If you also combine anxiety with depression, it's a bit like mixing cocaine with alcohol. Accelerate the experience to the maximum.
If you have only depression, your mind sinks into a swamp and loses thrust; If anxiety is added to the cocktail, the swamp is still a swamp, but there are swirls.
The monsters that are there, in the mud, move incessantly like alligators. You do not have a second of truce, not a moment of the day that you are not dominated by fear. I'm not exaggerating. You long for a moment, a single second without being terrified, but it never comes.

The disease you have is not a single part of the body, something you can think about from the outside. If your back hurts, you can say “the back is killing me”, and there will be a kind of separation between the pain and the self.
Pain is something apart. It attacks and annoys you, and even corrodes you, but even so, it is not me. Instead, with depression and anxiety, pain is not something you think about, because it is precisely what you think. 

But nothing lasts forever. This pain will end. He tells you it will last. But lie. Ignore it. Pain is a debt that is settled over time. One day you will experience a joy that will compensate for this pain.

You will cry of euphoria listening to the Beach Boys, you will contemplate the face of a baby that rests on your lap, you will meet great friends, you will eat delicious dishes that you have not yet tried, you will contemplate a landscape from an elevated place without calculating the chances of falling and dying .
There are books that you have not yet read and that will enrich you, movies that you will watch while eating giant bowls of popcorn, and you will dance and laugh until your body hurts.
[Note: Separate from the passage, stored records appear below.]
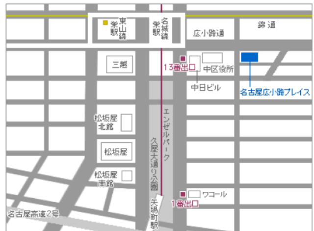
地下鉄東山線・名城線「栄」駅 13番出口より徒歩2分（中区役所並び）

ソフトウェア技術者でハードウェアの実習を通して電子回路を習得されたい方を対象に、製作実習、計測実習、講義を行います。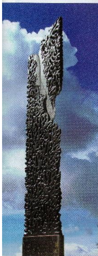
ABYSS : Ardoise 113 x 23 x 2 cm recto verso.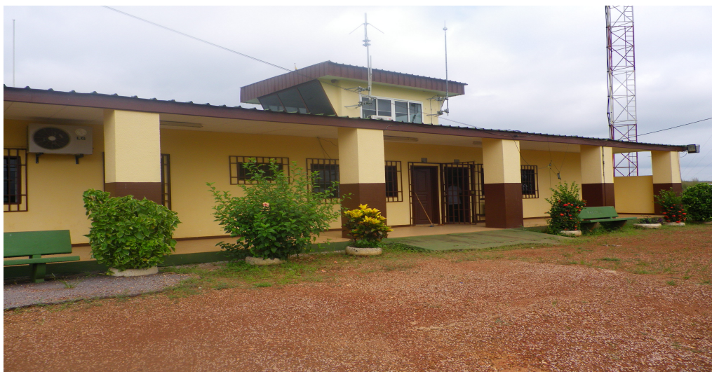
Aéroport de Tchibanga

La province de la Nyanga compte trois aérodromes. Pour l'heure, seul celui de Tchibanga, d'un linéaire de 2 000 mètres de piste et en bon état, est exploité. En revanche, ceux de Moabi et Mayumba (1 800 mètres de piste) sont utilisés en affrètement. L'insuffisance des passagers liée au départ des forestiers dans ces deux localités est la raison de l'abandon de ces pistes d'atterrissage.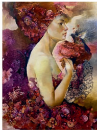
Jeden z obrazů S. Žalmánkové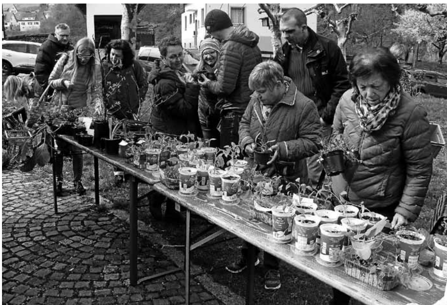
Eine vielfältige Auswahl bot der Pflanzentauschtag.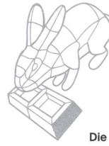
Die Jury sagt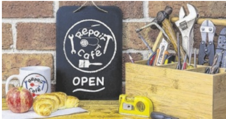
In Pettenbach findet monatlich ein Repair-Café statt.

Der Titel „Repair-Café“ oder auf Deutsch „Reparatur-Café“ kann verwirrend sein – es handelt sich dabei nicht um ein Kaffeehaus. Aber um die Wartezeit zu versüßen, werden von der FF Pettenbach und freiwilligen Helfern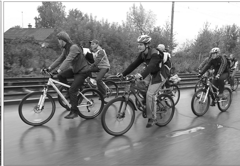
На велосипедах – под дождем.

Первый в городе велопробег в поддержку создания велосипедных дорожек прошел не так давно в Нижнем Тагиле.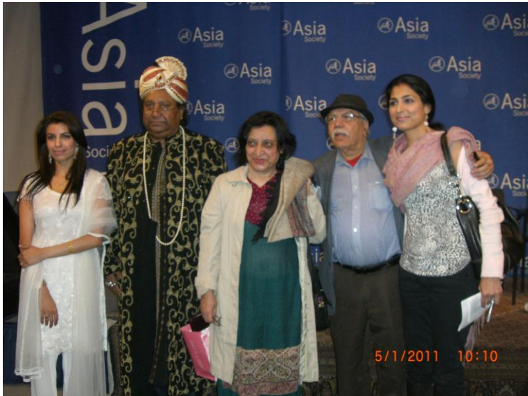
په نيو يارڪ کي د اردو ژبي له ليکوالو سره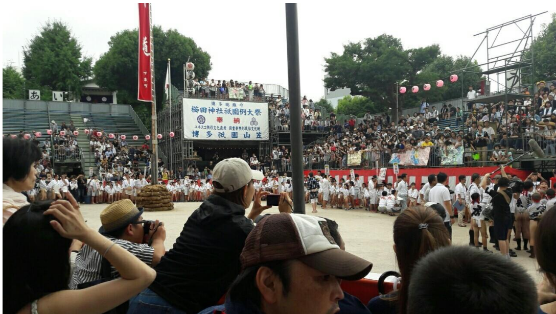
說明:與做房務的其中一位姊姊一起參加小孩子版的祇園祭。(2018/07/07)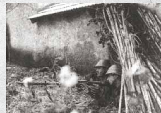
Cuib de mitralieră MG-34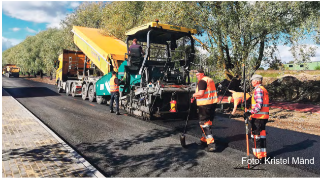
Jaama tänavas asfalteerimine.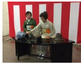
いすに座ってお茶を たてます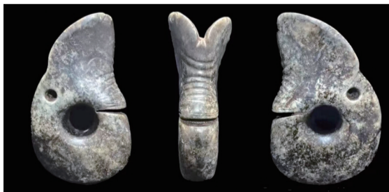
元宝山积石冢遗址出土的玉龙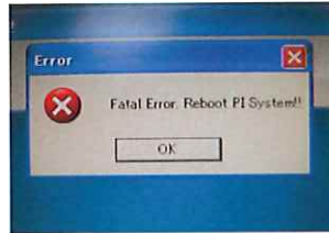
ロボットエラー発生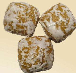
Пряники «Подмосковные молодцы»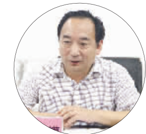
省国资委主任从培模

到2020年,要培育10家以上主营业务收入过百亿、行业领先、品牌知名、国内一流的优势企业,2-3家主营业务收入过千亿、具有国际竞争力、跨国经营的大型国有控股集团。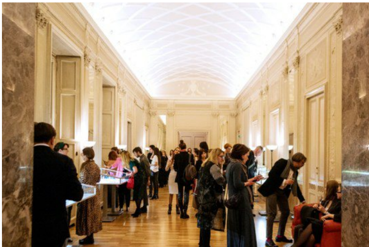
Uno scatto dell'edizione 2018 di Artstar Jewels

Milano si prepara ad accogliere un nuovo evento interamente dedicato al mondo del gioiello: dal 24 al 27 ottobre la città accoglie la Milano Jewelry Week. Ecco tutto quello che c'è da sapere.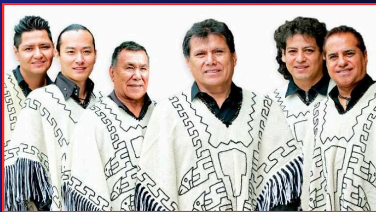
GRUPO FOLKLORICO DE BOLIVIA: LOS KJARKAS

I am glad to have recovered to a great extent without medication, and I feel that having experienced the pain "without anesthesia" pushed me to know it very well and to stay alert to the signs of the subtle ups and downs of my mind. By not taking medication I got more harmony with myself.
That helped me know what exactly made me feel better. And that state of alertness, that deep attention that I know - for myself and others - that the pills can cause you to lose, in the end, he sustained me to rebuild from scratch.
If I had been dull or immersed in that otherness that drugs can make you feel, everything would have been more difficult. Maybe we should look at how we live and how our mind is not made for the life we ​​lead.
Something that I did not realize because I would have been incomprehensible, was that this state of mind would eventually produce both positive and negative effects. Because once we begin to recover, and to live again, we do it with new eyes.
Everything becomes clearer, and we become aware of things that we did not repair before. Yes, depression is a nightmare. But it can also be useful. Something like a nightmare that improves your world in different ways.
For example, I write because of depression. I was not a writer before. I just did not have the intensity to explore with the necessary curiosity and energy.
Fear makes us curious. Sadness makes us philosophize.
So, even if the depression is not completely overcome, we can learn to use what Lord Byron called a “terrible gift” and we can use it in life. For example, I discover that being so aware of mortality can turn me into a person firmly determined to enjoy life anywhere.
And let me tell you something. It will sound bland and maudlin, but, I assure you, it is something I completely believe in: love saves us. Love saved me. Andrea, my partner. She saved me. His love for me and my love for her. And not once. Many. One, and another, and another ...
Do not think that it is a perfect relationship. It was not. And it still isn't. Before manifesting my illness we discussed. But if you dive deep enough under a tidal wave, the water is calm. That's how we were. In a way, we argued because we knew that blood would not reach the river.
When you can be who you are with someone, you project out your dissatisfied self. And that happened to me. I was not happy And when the depression attacked, Andrea was by my side. He waited for me patiently during my absence from myself.